**Goal of the exercise**
Reproduce, unchanged, the lines between the one holding "Scaricare ELECTROLUX IZZI" and the last line of the records, including both ends, but no pictures.

**Data excerpts**
※ ※ ※

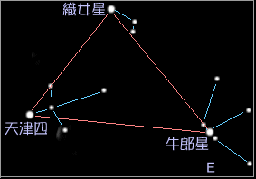 將七夕的牛郎星 , 織女星 , 以及在天鵝座尾巴閃爍的天津四這三顆1 等星連結起來的 , 就是夏季大三角 . 天鵝座是以長長的天鵝頸伸入大三角內的大十字表示的 . 相對南半球的南十字星 , 這個十字偶爾也叫做北十字星 . 可以說是個容易找到的星座 .
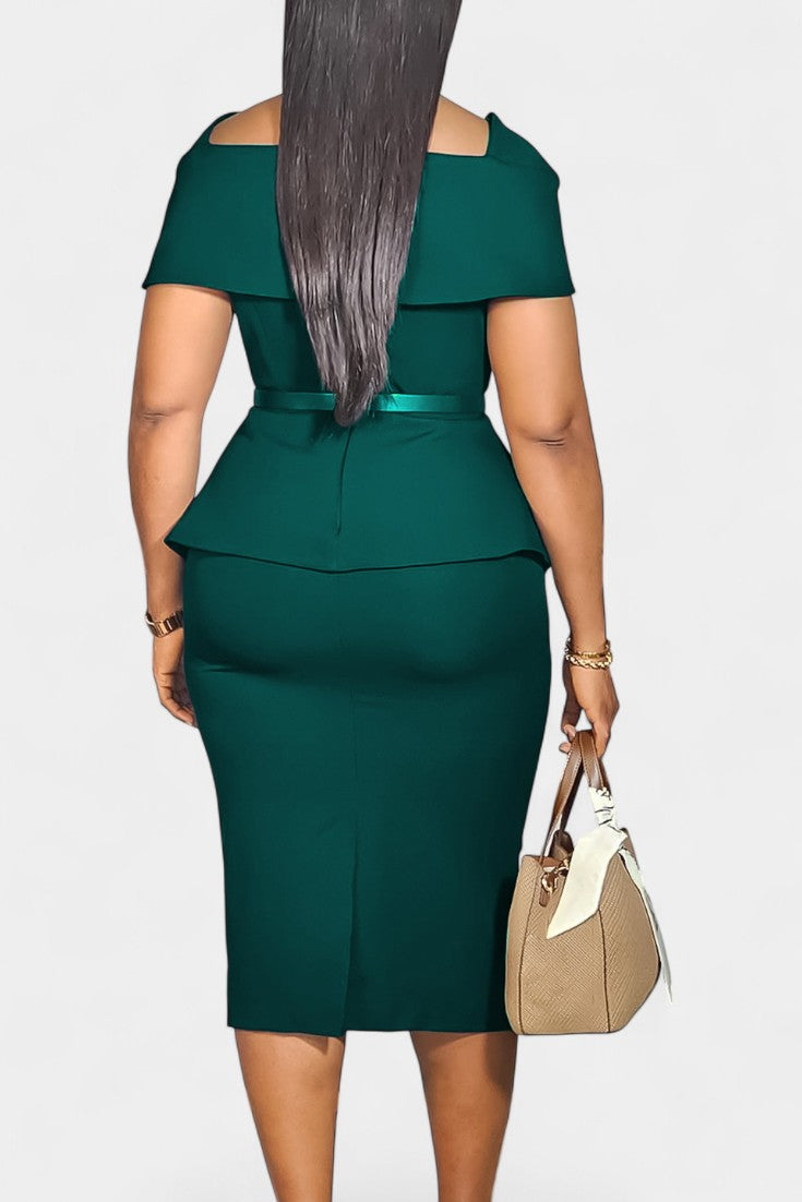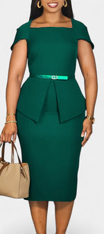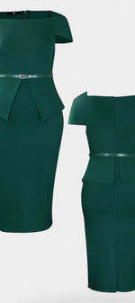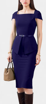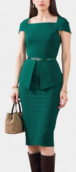 Une robe structurée et élégante, pensée pour sublimer la silhouette avec sobriété. Sabela se distingue par son encolure carrée raffinée, ses manches courtes épurées et sa coupe fourreau midi qui dessine une allure professionnelle et féminine. La ceinture intégrée marque délicatement la taille, apportant équilibre et assurance à l’ensemble.
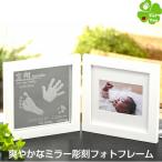 赤ちゃん 手形足形 ミラーフォトスタンド フォトフレーム ベビーフォト ミラースタンド ミラー 彫刻 【誕生祝 出産祝い 名入彫刻】
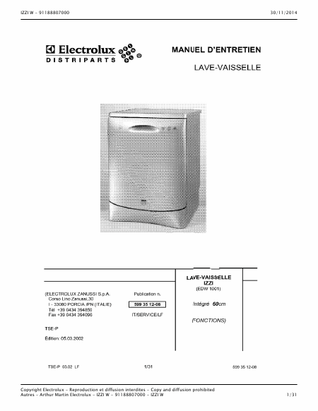 Scaricare ELECTROLUX IZZI Manuale di servizio Francese (31 Pagine) 39.90 EUR
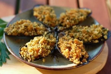 ШАГ 3 Мидии с одной створкой выложите на противень, засыпанной морской или крупной солью. Наполните приготовленной смесью. Запекайте под грилем 5 минут до золотистой корочки. Сверху сбрызните лимоном.
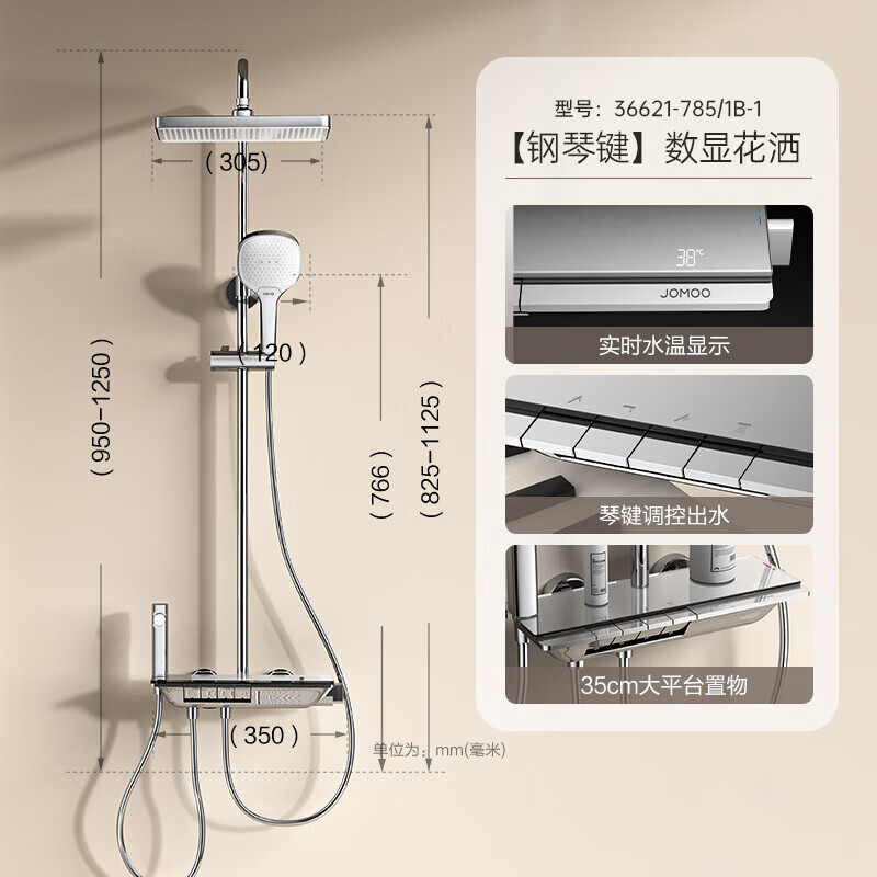 九牧(JOMOO)琴键数显大置物喷枪淋浴器36621-785/1B-1价格:2099.00元!

※ ※ ※

**Exercise response**
 Scaricare ELECTROLUX IZZI Manuale di servizio Francese (31 Pagine) 39.90 EUR
 ШАГ 3 Мидии с одной створкой выложите на противень, засыпанной морской или крупной солью. Наполните приготовленной смесью. Запекайте под грилем 5 минут до золотистой корочки. Сверху сбрызните лимоном.
 九牧(JOMOO)琴键数显大置物喷枪淋浴器36621-785/1B-1价格:2099.00元!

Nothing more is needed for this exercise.